By Brice Wallace
Speaking recently at an economic summit in Salt Lake City, Utah’s new governor saw the perfect metaphor for the “Utah roadmap” and the state’s economy just a few blocks away.
Construction to earthquake-proof the Salt Lake Temple does not involve tearing down the temple but instead “make what seemed like the perfect, beautiful building even better and even stronger,” Spencer Cox said at the Economic Outlook & Public Policy Summit, presented by the Salt Lake Chamber and the Kem C. Gardner Policy Institute.
Utah justifiably can be proud of its accomplishments, he said. “It would be very easy for us to just keep doing what we’re doing because it’s working so well. And, of course, the adage is, ‘If it’s not broke, don’t fix it,’” Cox said. “But I believe if it’s not broke, that we can still make it better, and that’s exactly what we have to do.”
In a wide-ranging speech and Q&A session, Cox spoke of spreading economic opportunity throughout the state, in part by boosting education and workforce training, and funding infrastructure to enable Utah’s economy to grow even further.
Much of what was said falls under the “Opportunity For Everyone” banner. For example, while Utah’s overall poverty rate is less than 9 percent, it’s closer to 15 percent for Latinos and 29 percent for black Utahns. Meanwhile, economies in some of Utah’s rural counties are “heading the wrong direction” and “the people are being left behind,” he said.
Cox said he wants the focus on economic development to be people. “We’ve forgotten that economic development is not an end in and of itself. It’s a means to an end. It’s a means to blessing the lives of people, to improving their lives, to help them move forward so that they can provide for their families,” the governor said.
For example, job growth is great, but Utah must make sure it has skilled people to fill those jobs, he said.
“It means absolutely nothing for us to incentivize a company to bring a hundred jobs or a thousand jobs here if no one here in the state of Utah is qualified to get those jobs,” he said. If people are brought in from outside Utah to fill those jobs, the growth will not be a blessing to Utahns’ lives but instead only lead to more traffic congestion, higher housing prices and more air quality problems.
Educating Utahns for job opportunities now and in the future must start in early childhood, focus on equity in educational opportunity, and continue in college and throughout the rest of people’s lives, he said.
The governor called for change in the mindset that education occurs during approximately the first 20 years of life and work comes after that. “That doesn’t work in this new economy,” Cox said.
To boost the idea of “upskilling” Utahns, Cox pushed the notion of an innovation fund for K-12 and higher education to partner with businesses to figure out how to better educate Utah’s workforce.
“This is where I think we have the biggest opportunity for success as a state and as a nation, is this idea of workforce development and helping people understand that we’re constantly learning, reinventing ourselves, finding new jobs and new ways to produce in this economy,” he said.

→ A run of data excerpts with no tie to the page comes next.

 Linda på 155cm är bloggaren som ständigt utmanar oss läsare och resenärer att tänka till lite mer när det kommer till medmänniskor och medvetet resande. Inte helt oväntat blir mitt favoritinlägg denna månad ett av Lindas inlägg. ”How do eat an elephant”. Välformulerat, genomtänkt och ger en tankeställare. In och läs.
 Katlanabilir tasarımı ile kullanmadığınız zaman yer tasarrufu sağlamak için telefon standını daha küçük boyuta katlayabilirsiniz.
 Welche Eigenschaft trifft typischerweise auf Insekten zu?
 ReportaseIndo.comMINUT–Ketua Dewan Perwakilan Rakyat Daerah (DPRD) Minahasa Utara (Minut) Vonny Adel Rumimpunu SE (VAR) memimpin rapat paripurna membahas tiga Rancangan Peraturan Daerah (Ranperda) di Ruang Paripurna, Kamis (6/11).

The “Opportunity For Everyone” mantra also is reflected in his call for infrastructure investment, both along the Wasatch Front and in rural Utah. Increasing the amount of FrontRunner tracks in certain areas will peel time off of workers’ commutes while alleviating vehicle traffic, which helps address air quality issues, he said. It would help ensure “that future generations will be able to get where they need to go and keep economic activity alive here along the Wasatch Front.”

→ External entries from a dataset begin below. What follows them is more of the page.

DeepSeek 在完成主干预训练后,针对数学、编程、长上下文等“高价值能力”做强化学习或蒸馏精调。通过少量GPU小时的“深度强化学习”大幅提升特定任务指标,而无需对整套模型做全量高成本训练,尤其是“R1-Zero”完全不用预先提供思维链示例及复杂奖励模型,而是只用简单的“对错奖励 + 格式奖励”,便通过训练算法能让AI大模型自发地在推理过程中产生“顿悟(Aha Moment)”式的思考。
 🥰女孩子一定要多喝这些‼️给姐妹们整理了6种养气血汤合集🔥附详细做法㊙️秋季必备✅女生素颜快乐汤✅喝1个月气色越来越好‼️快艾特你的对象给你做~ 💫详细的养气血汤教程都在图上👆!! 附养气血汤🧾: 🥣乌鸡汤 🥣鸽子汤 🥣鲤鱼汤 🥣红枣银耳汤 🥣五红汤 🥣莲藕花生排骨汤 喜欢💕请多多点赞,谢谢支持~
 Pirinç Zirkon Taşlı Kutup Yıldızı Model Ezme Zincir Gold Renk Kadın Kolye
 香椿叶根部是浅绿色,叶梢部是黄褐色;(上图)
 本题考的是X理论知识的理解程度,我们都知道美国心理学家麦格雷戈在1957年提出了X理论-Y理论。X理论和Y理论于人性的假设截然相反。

Cox encouraged the Legislature to invest in roads in Utah’s small towns, many of which he said are seeing “catastrophic infrastructure failure.”

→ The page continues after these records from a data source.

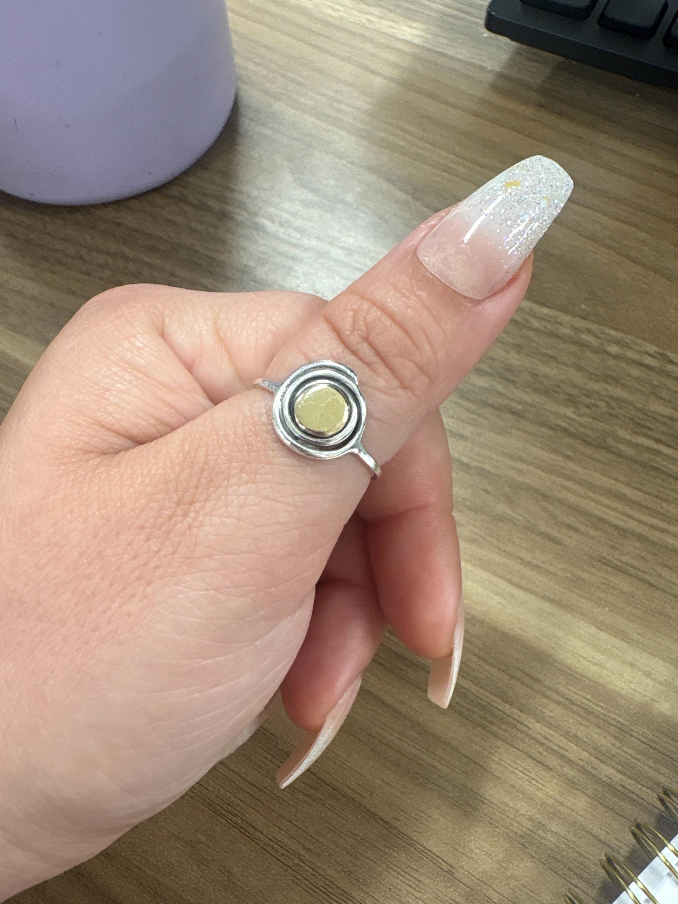 This is a handcrafted, delicate ring, that is formed out of 16 gauge Sterling silver wire with a recycled 14k yellow gold or yellow brass center.
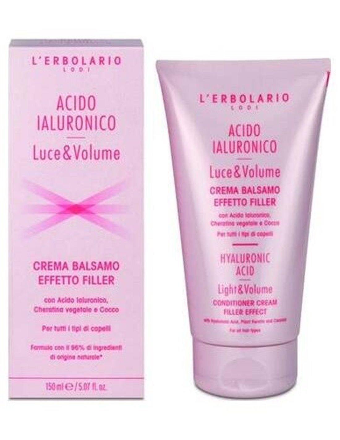 Actúa con un efecto relleno desde el primer uso: el cabello aparece inmediatamente más consistente, con cuerpo y voluminoso gracias a la extraordinaria acción del Ácido Hialurónico. Para todo tipo de cabellos. Sin siliconas, parabenos, colorantes ni vaselina.
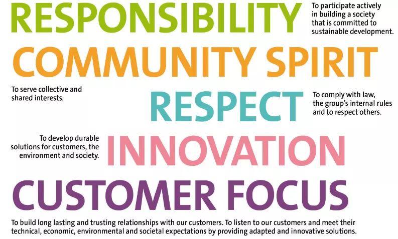 Les valeurs fondamentales de Veolia sont la responsabilité, la solidarité, le respect, l’innovation et le sens du client.
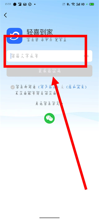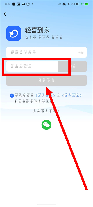 3、在登录页面,输入手机号码,点击获取验证码。
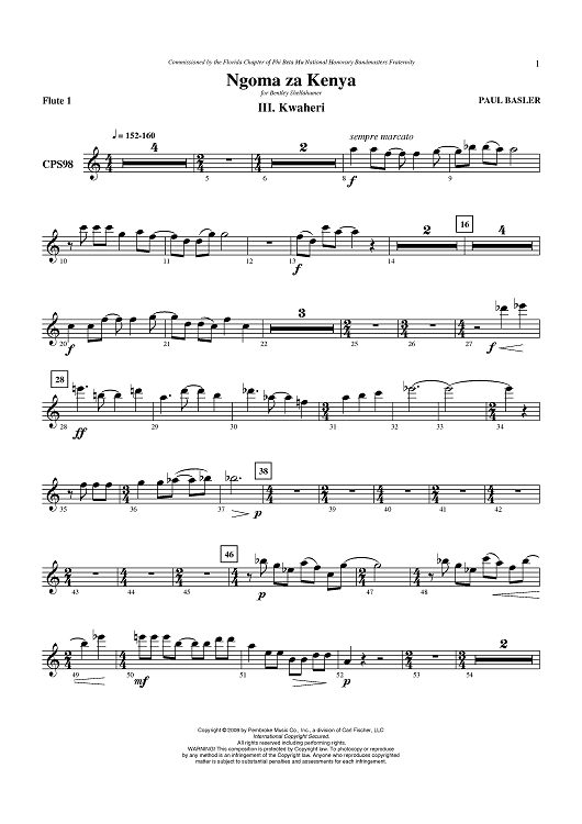 Digital Sheet Music for Ngoma za Kenya, Mvt III - Kwaheri - Flute 1 by Paul Basler scored for Concert Band; id:405903

“If you’re an entrepreneur in a rural area and you want to expand a business or move a business there, you can’t do that if you don’t have broadband, you can’t do that if you don’t have roads that people can drive on, you can’t do that if you don’t have natural gas or electricity at the rate that you need,” he said. “Those things matter, and we have to be willing to invest.”
Among lessons taught by the COVID-19 pandemic that can be applied in the future are that remote capabilities will allow people to work wherever they want — obviously a benefit to rural Utah. “Your ZIP code shouldn’t determine how long you live, your ZIP code shouldn’t determine how much money you make, you’re ZIP code shouldn’t determine any of those things,” Cox said.
The new governor acknowledged he doesn’t have all the answers and that his administration, being new, will make mistakes.
“We are not going to be perfect, but my pledge to you is that they are going to be mistakes of commission. They are going to be mistakes of trying,” he said.
Using another metaphor, he recalled a youth baseball game where his father “really got on me” after Cox looked at a third strike when he should have been swinging the bat.
Utahns expect and deserve that effort as the new administration strives to advance the economy and thereby allow people to provide for their families; boost the state’s standard of living; and continue to make Utah “the best place in the world to live, to work and to raise a family,” he said.
“We’re going to strike out sometimes,” Cox said, “but we’re going to strike out because we’re trying, not because we’re sitting back and watching.”